The table_size field allows tables to be multiples of the cluster size. For example, cluster_size=64 KB and table_size=4 results in 256 KB tables.

Operations

Read

  1. If L2 table is not present in L1, read from backing image.
  2. If data cluster is not present in L2, read from backing image.
  3. Otherwise read data from cluster.

Write

  1. If L2 table is not present in L1, allocate new cluster and L2. Perform L2 and L1 link after writing data.
  2. If data cluster is not present in L2, allocate new cluster. Perform L1 link after writing data.
  3. Otherwise overwrite data cluster.

The L2 link should be made after the data is in place on storage.

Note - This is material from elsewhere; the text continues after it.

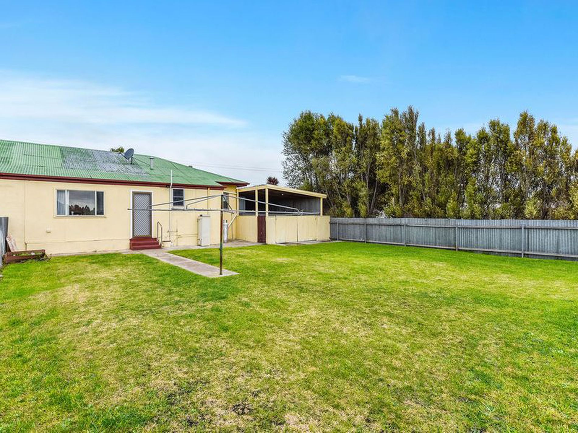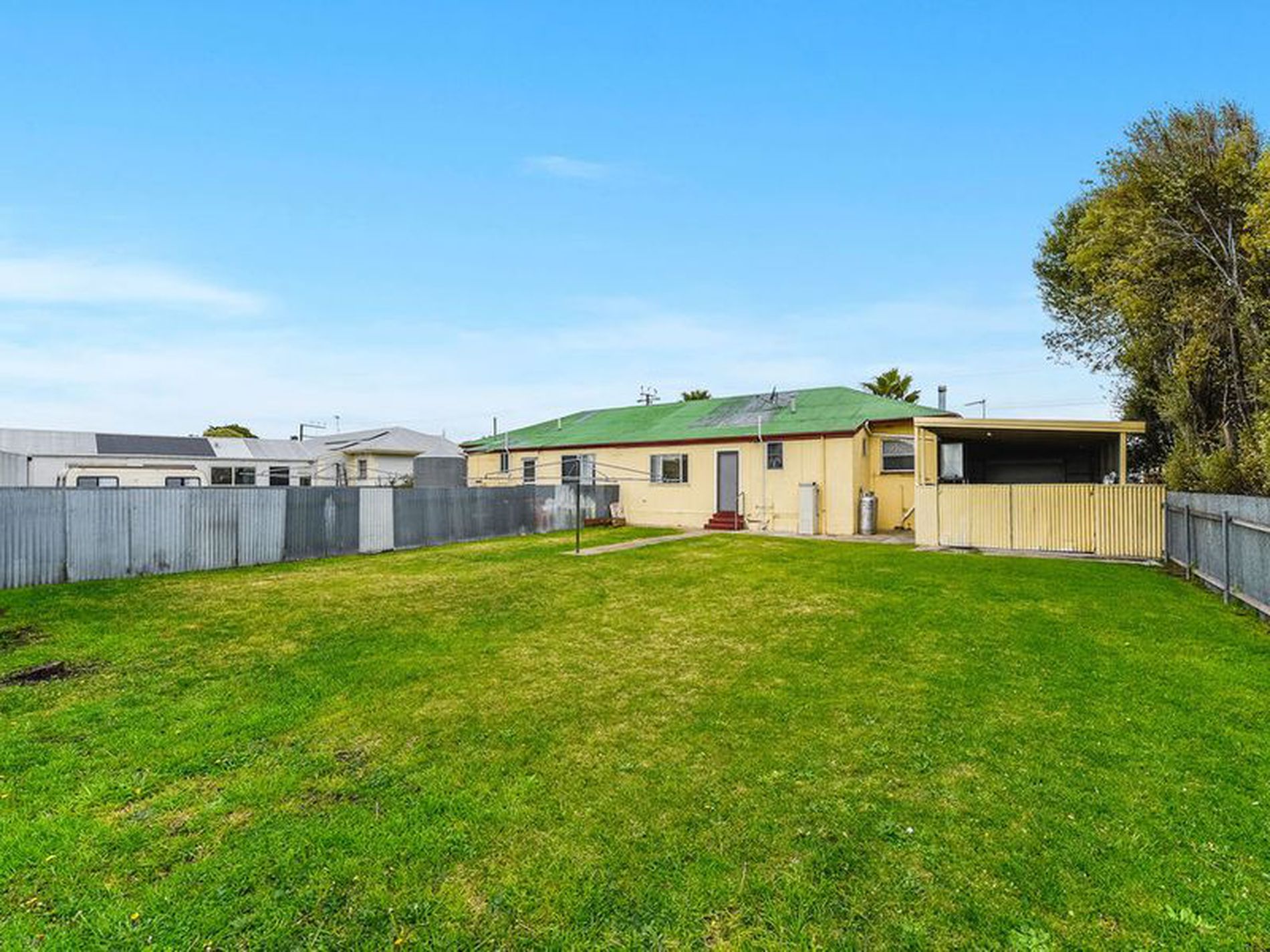 A 15 metre long Carport with a single roller door. Rear part makes a great enclosed pergola sitting area and double gates through to the back yard.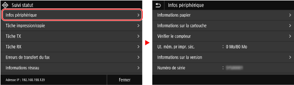 Lorsque vous cliquez sur un nom d'élément ou un bouton, l'élément peut être sélectionné. L'écran sélectionné s'affiche, ou la fonction sélectionnée est exécutée.

However, when no ordering is enforced the worst case scenario is an L2 link to an unwritten cluster.

The L1 link must be made after the L2 cluster is in place on storage. If the order is reversed then the L1 table may point to a bogus L2 table. (Is this a problem since clusters are allocated at the end of the file?)

Grow

  1. If table_size * TABLE_NOFFSETS < new_image_size, fail -EOVERFLOW. The L1 table is not big enough.
  2. Write new image_size header field.

Data integrity

Write

Writes that complete before a flush must be stable when the flush completes.

If storage is interrupted (e.g. power outage) then writes in progress may be lost, stable, or partially completed. The storage must not be otherwise corrupted or inaccessible after it is restarted.